My Mom’s recovery is temporary — she’s expected to make a full recovery. But while I was there, it became apparent that my Dad is no longer able to be independent. And that his care might be more than my Mom will be able to handle long-term. 

This visit was somewhat bittersweet as I realized that this might be the last time that I see my Mom & Dad in their own home. That, even though there’s a wedding to attend in the Fall and I’ll be bringing my entire brood home to visit, at this age and stage, six months time can mean a lot more changes.

So I just soaked up every minute of my time with my Mom and Dad. I slowed down. I let them set the pace. I put aside distractions and gave them the things that they had showered me with my entire life: love and attention

And while I certainly hope that I have several more visits with them in the months and years to come, I’m so incredibly grateful for this time I had with them now. For the opportunity to give back to them a tiny percentage of everything that they’ve given me over the years. 

Now I know that not everyone has a family of origin that is the gift that mine is to me. 

I have two amazing parents that never let a day pass without letting me know how much they love me. I grew up hearing and believing that I was a gift from God in their lives. I have five siblings that I love, respect and look forward to seeing and spending time with. They have, in turn, all married wonderful people. Those of us lucky enough to have children, have managed to create the next generation of really kind, cool people who are making this world a better place just by being in it.

My parents have been working on this “Legacy of Love” for the past 60 years: creating, sustaining and protecting a loving marriage that has produced six children, fourteen grandchildren, and three great-grandchildren (and counting…) 

They are the matriarch and patriarch of The Buckner Family. And I feel so lucky to be a part of that legacy! 

So much so, that when we got married, my husband and I went to town hall and we both legally changed our middle names to “Buckner” so that this connection would never be severed and would be a permanent part of our names. (And in the Hispanic tradition, all of my children legally carry both Suárez AND Buckner in their names…)

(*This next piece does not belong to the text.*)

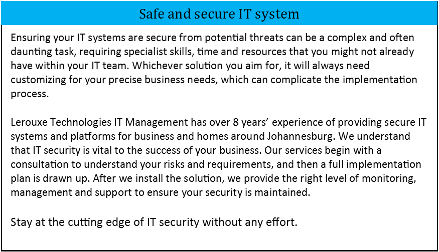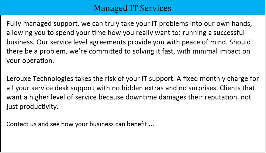 We've all done it - Clicked on a link we shouldn't have or opened an email attachment supposedly from someone you trust. Before you know it your computer is running slowly, showing popups or worse still, encrypting your files so you cannot access them. If you think you have a virus then contact Lerouxe Technologies as soon as possible and we'll get rid of any nasties lurking on it. We will offer you free advice after that and suggest even free products that you can use to stay protected.

I don’t know how much more time I’ll have with either of my parents. And that thought is often more than I can bear. But, the time that I just had with them has filled my heart almost to the breaking point – in a really good way. For even as I did the work of caring for their bodies, my parents continue to do the work of caring for my heart and my spirit. They continue to teach me so much about patience, gratitude, kindness, authenticity and love.

They are the best example of how I hope to live my life should I be lucky enough to build my own legacy of love over the next several decades. 

It might seem like this post is a departure from a lot of the other things that I write about pregnancy, birth and parenting… But when you’ve had the great fortune to be parented well, I feel like it’s important to acknowledge and be grateful for all the gifts that you’ve received! 

So, thank you Bob & Mary Therese Buckner for being the best parents I could have ever hoped for. I love you more than you will ever know.